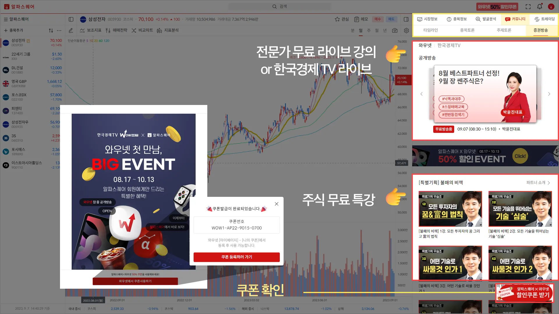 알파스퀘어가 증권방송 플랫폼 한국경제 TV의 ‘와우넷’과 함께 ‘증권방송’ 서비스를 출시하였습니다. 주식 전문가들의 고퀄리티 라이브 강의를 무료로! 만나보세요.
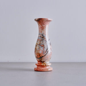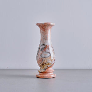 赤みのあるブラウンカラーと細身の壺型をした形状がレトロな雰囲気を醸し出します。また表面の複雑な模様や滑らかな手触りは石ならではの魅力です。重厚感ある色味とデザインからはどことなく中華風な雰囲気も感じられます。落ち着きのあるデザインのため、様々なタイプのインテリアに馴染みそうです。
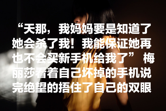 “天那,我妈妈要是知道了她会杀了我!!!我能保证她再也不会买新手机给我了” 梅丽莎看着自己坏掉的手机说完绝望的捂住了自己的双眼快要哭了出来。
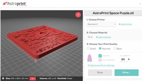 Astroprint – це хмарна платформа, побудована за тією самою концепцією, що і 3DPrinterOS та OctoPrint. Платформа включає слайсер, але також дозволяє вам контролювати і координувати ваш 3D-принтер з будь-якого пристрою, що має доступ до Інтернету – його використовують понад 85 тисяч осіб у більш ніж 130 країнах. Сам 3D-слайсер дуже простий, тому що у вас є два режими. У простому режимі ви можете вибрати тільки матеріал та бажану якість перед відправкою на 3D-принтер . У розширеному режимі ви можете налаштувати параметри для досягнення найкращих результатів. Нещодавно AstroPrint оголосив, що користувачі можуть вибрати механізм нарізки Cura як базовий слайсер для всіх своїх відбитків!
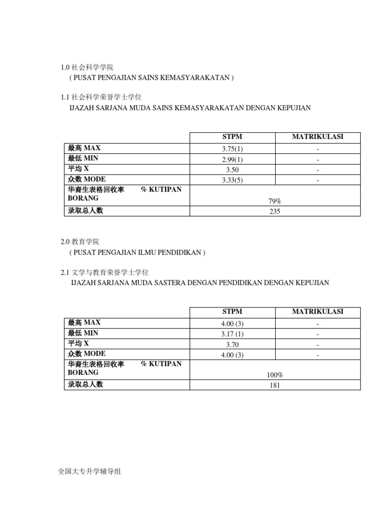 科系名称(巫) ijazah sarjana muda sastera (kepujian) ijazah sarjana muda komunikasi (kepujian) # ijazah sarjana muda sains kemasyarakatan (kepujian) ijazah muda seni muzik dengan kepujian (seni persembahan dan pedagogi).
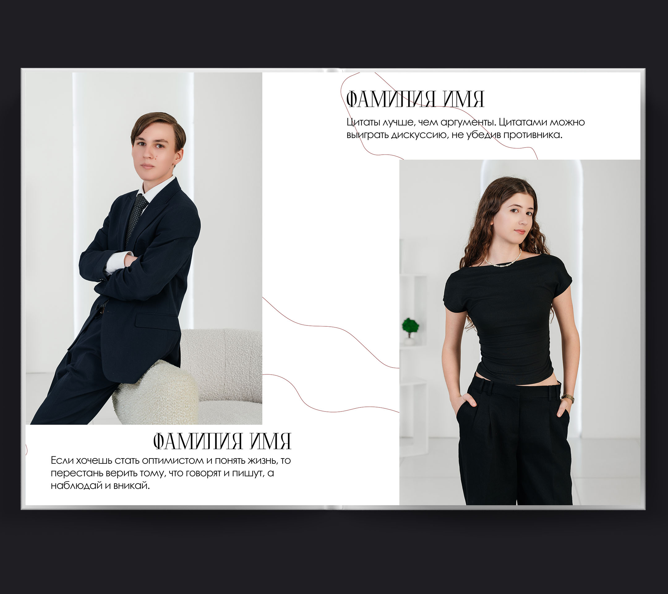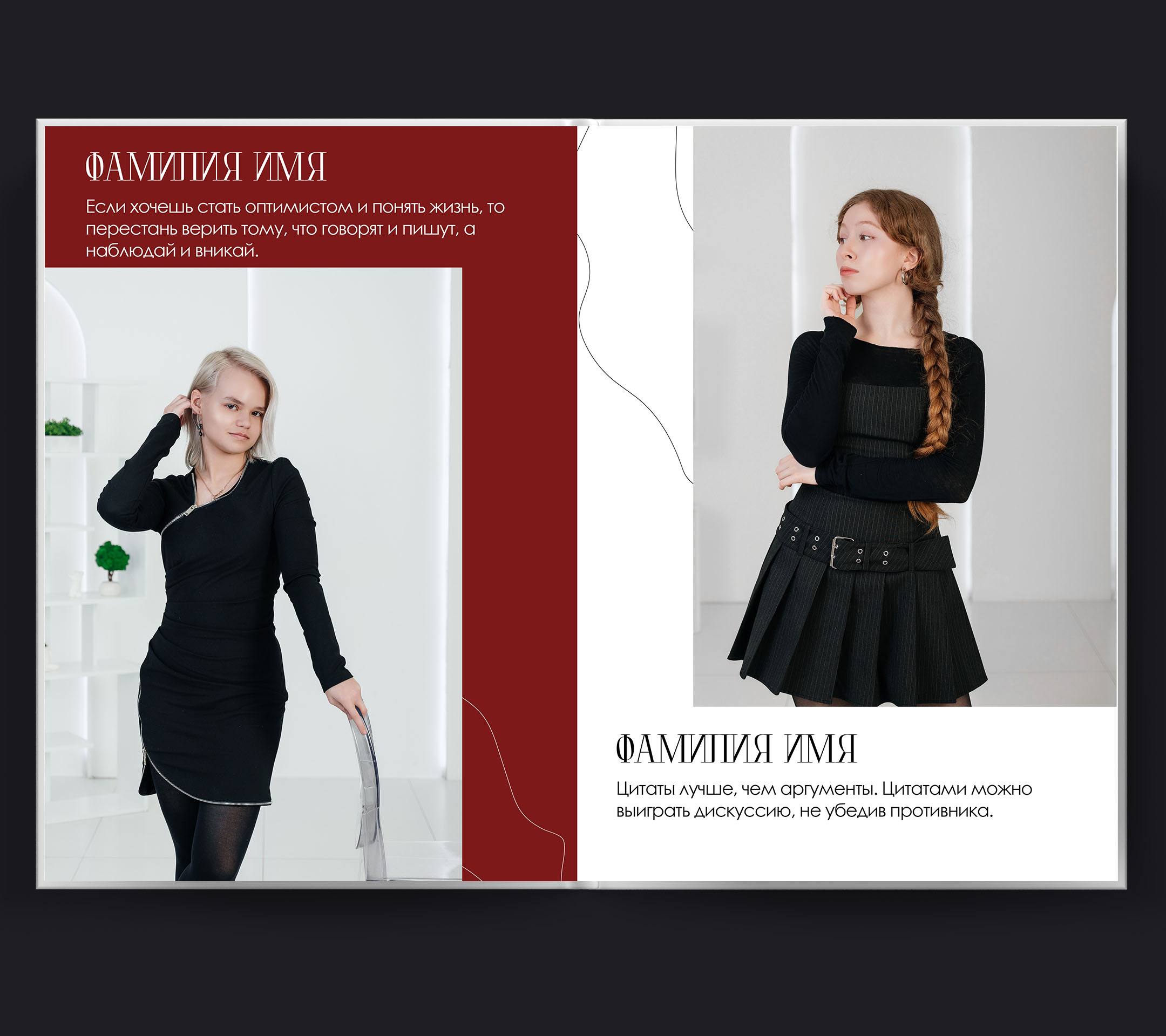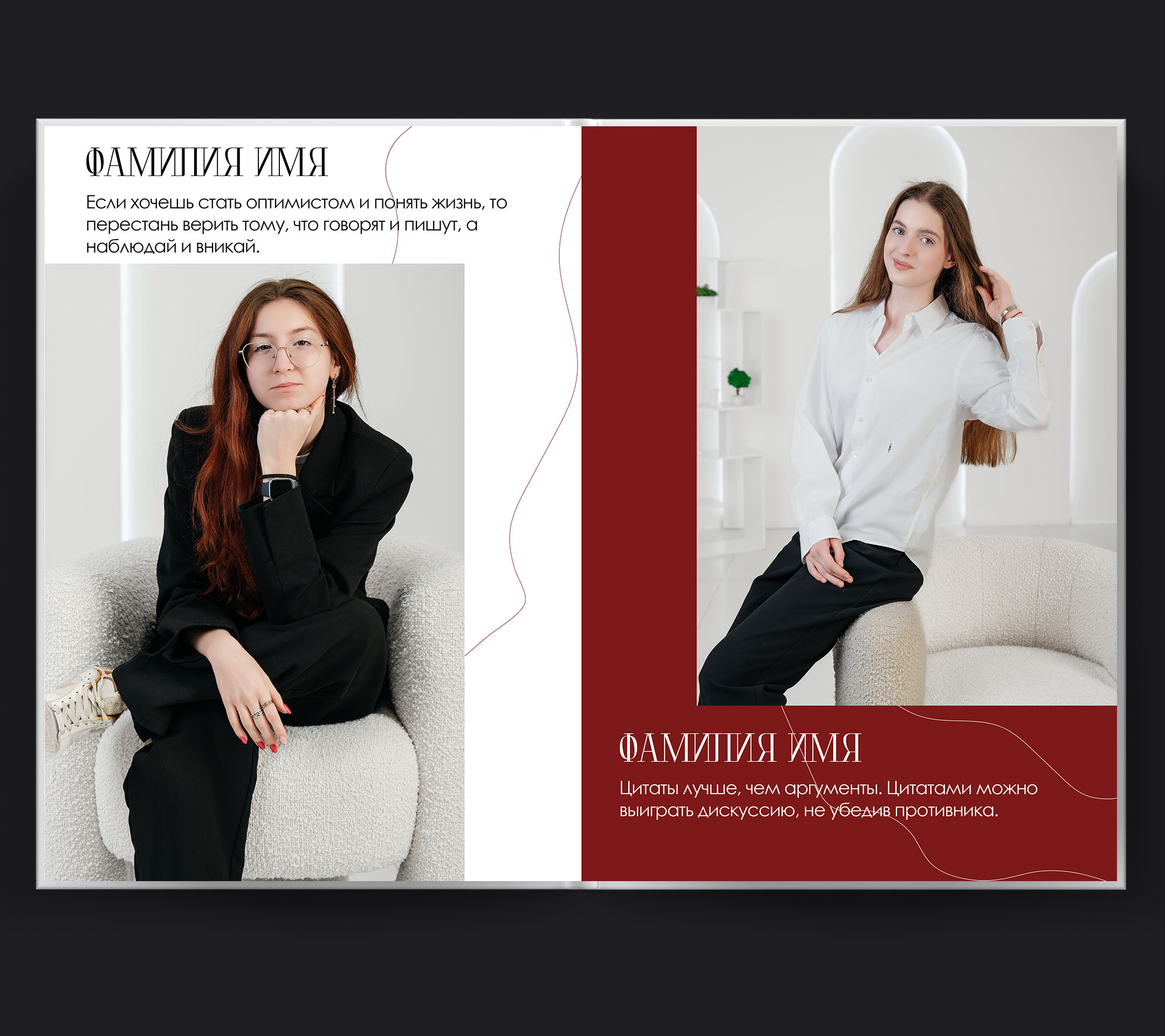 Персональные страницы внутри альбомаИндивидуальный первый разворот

※ ※ ※

● **WHAT THE TASK ASKS**
Images should not appear in the copy; retype the listing above exactly.

● **ANSWER TO THIS EXERCISE**
 알파스퀘어가 증권방송 플랫폼 한국경제 TV의 ‘와우넷’과 함께 ‘증권방송’ 서비스를 출시하였습니다. 주식 전문가들의 고퀄리티 라이브 강의를 무료로! 만나보세요.
 赤みのあるブラウンカラーと細身の壺型をした形状がレトロな雰囲気を醸し出します。また表面の複雑な模様や滑らかな手触りは石ならではの魅力です。重厚感ある色味とデザインからはどことなく中華風な雰囲気も感じられます。落ち着きのあるデザインのため、様々なタイプのインテリアに馴染みそうです。
 “天那,我妈妈要是知道了她会杀了我!!!我能保证她再也不会买新手机给我了” 梅丽莎看着自己坏掉的手机说完绝望的捂住了自己的双眼快要哭了出来。
 Astroprint – це хмарна платформа, побудована за тією самою концепцією, що і 3DPrinterOS та OctoPrint. Платформа включає слайсер, але також дозволяє вам контролювати і координувати ваш 3D-принтер з будь-якого пристрою, що має доступ до Інтернету – його використовують понад 85 тисяч осіб у більш ніж 130 країнах. Сам 3D-слайсер дуже простий, тому що у вас є два режими. У простому режимі ви можете вибрати тільки матеріал та бажану якість перед відправкою на 3D-принтер . У розширеному режимі ви можете налаштувати параметри для досягнення найкращих результатів. Нещодавно AstroPrint оголосив, що користувачі можуть вибрати механізм нарізки Cura як базовий слайсер для всіх своїх відбитків!
 科系名称(巫) ijazah sarjana muda sastera (kepujian) ijazah sarjana muda komunikasi (kepujian) # ijazah sarjana muda sains kemasyarakatan (kepujian) ijazah muda seni muzik dengan kepujian (seni persembahan dan pedagogi).
 Персональные страницы внутри альбомаИндивидуальный первый разворот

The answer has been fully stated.